The ping-pong ball represents a planet in the celestial body, and the state of the ball in motion is also a metaphor for the reform movement, which refers to the important driving force for the development of social civilization. Chen Hui-Chiao extends the concept of balls to respond to the state of existence of the spirit and the mind.

=== 2012. Clouds ===

==== In the exhibition Beyond the Tree ====
This work is composed of twelve 12 pink inflatable sofas and a silver airplane flying in the clouds hangs on the wall. This work is the realization of the imagination of her freedom or dreams. It brings the pleasure of relaxing in softness, comfort, and oblivion to those who access it. In addition, twelve sofas imply the 12 signs of the zodiacs in astrology, which the artist has studied deeply and has been using to understand the self and the world in order to reflect the process of life.

== Exhibition ==

=== Silent, IT Park Gallery, Taipei, Taiwan, 1992 ===
The major materials of the works in this exhibition are needles and threads, and the theme is the exploration of the subconscious, which is the orientation of her early works.

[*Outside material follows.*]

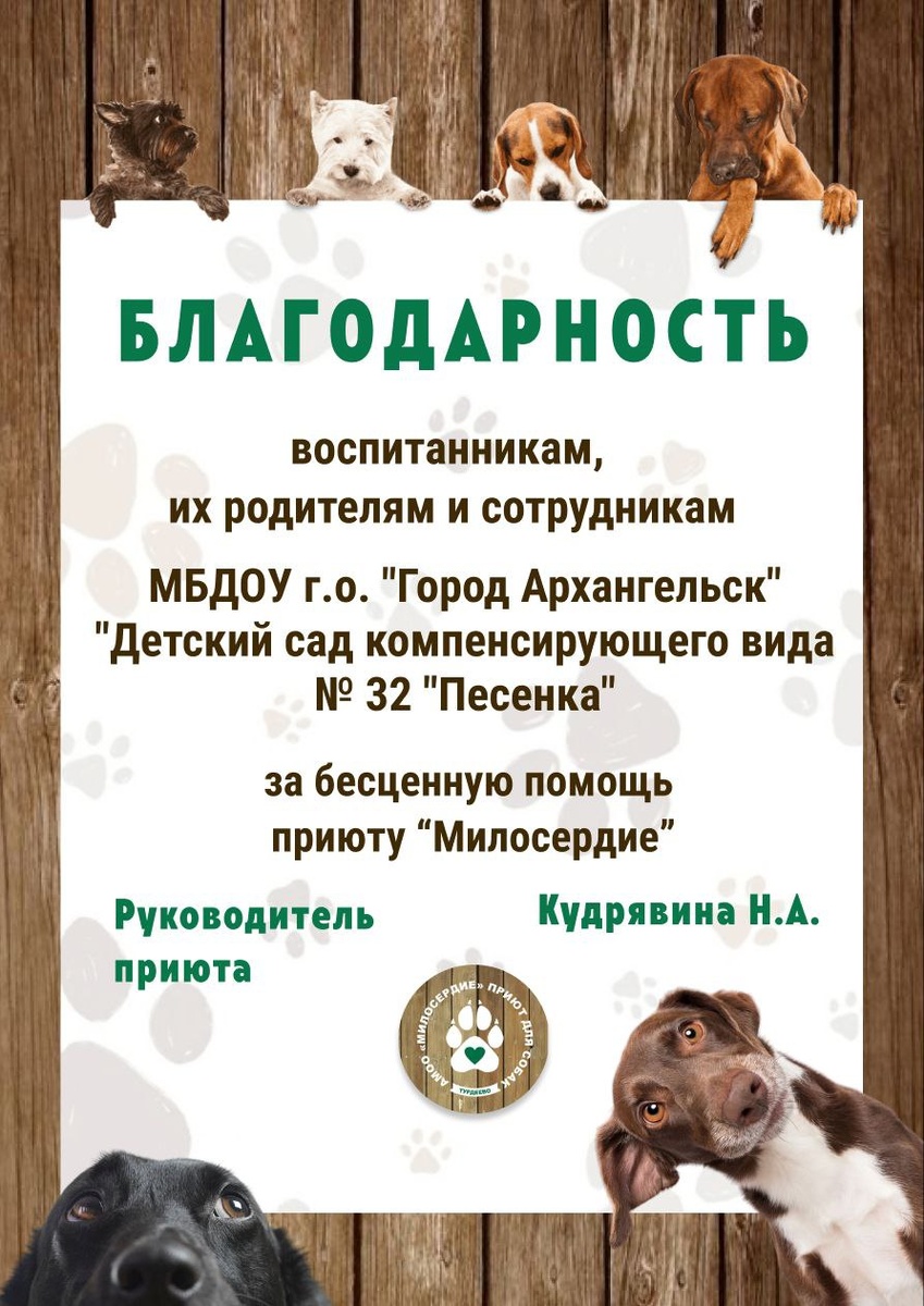 сотрудникам дошкольного учреждения за неоценимую предновогоднюю помощь нашему приюту "Милосердие"! В детском саду была организована благотворительная акция по сбору помощи для бездомных животных🐾🎁 https://vk.ru/wall-210989700_2641 Мы видим, как важно с ранних лет прививать детям чувство ответственности и умение делиться с теми, кто нуждается в нашей поддержке. Ваша акция – яркое тому подтверждение! Спасибо вам за вашу отзывчивость, щедрость и за то, что учите детей быть настоящими людьми!🙏❤️ ✨Отдельная благодарность за доставку в приют новогодних подарков нашему волонтёру Игорю Насонову 🚙
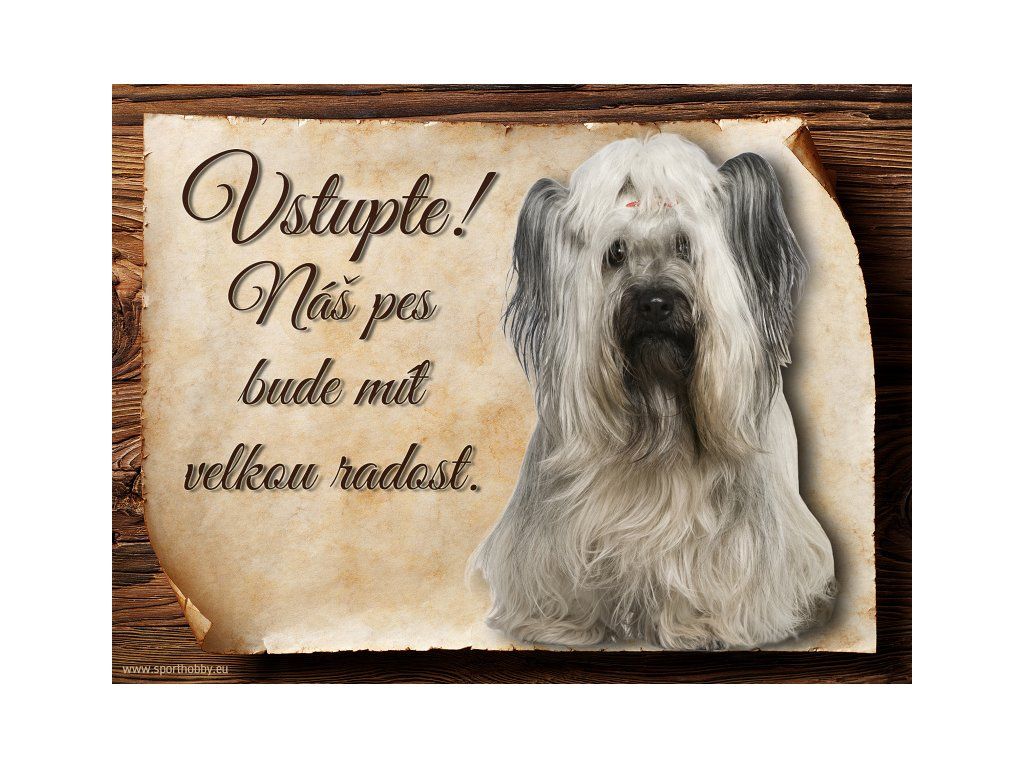 Cedulka Skye teriér, hliníková s nápisem "Vstupte! Náš pes bude mít velkou radost!" Kovová výstražná venkovní cedulka oznamující to či ono, že se ve vašem obydlí může návštěvník setkat s vašim čtyřnohým miláčkem a jeho teritoriem. Velikosti těchto cedulek jsou 15x11,25 a 20x15 cm. Cedulky jsou tištěny sublimační technologií Grawerton přímo na plech. Cedulky dodáváme běžně se zakulacenými rohy. Pokud budete chtít na cedulku vlastní text, napište nám jej do poznámky.

=== A Separate Reality, IT Park Gallery, Taipei, Taiwan, 1995 ===
She used many stainless steel plates and pressure-sensitive materials in this exhibition to create her works. In addition, because of her teacher’s influence and inspiration, she applied the element of geometries to compose her creations.

=== Smiles of the Skeptic, IT Park Gallery, Taipei, Taiwan, 1997 ===
In this exhibition, Chen Hui-Chiao had already explored the topic of consciousness with a high degree of awareness. She transformed the earlier exploration of the medium's materiality into a metaphor of consciousness. Although the exhibition cost was more than what she could afford, the reflection was worth and incredible.

=== Here and Now, Museum of Contemporary Arts, Taipei, Taiwan, 2006 ===
There are five works displayed in this exhibition. In addition to using typical materials, such as needles and ping pong, to compose her works, she added some myth and irrational elements to enrich the picture of her works. The irrational elements represent dreams and totems.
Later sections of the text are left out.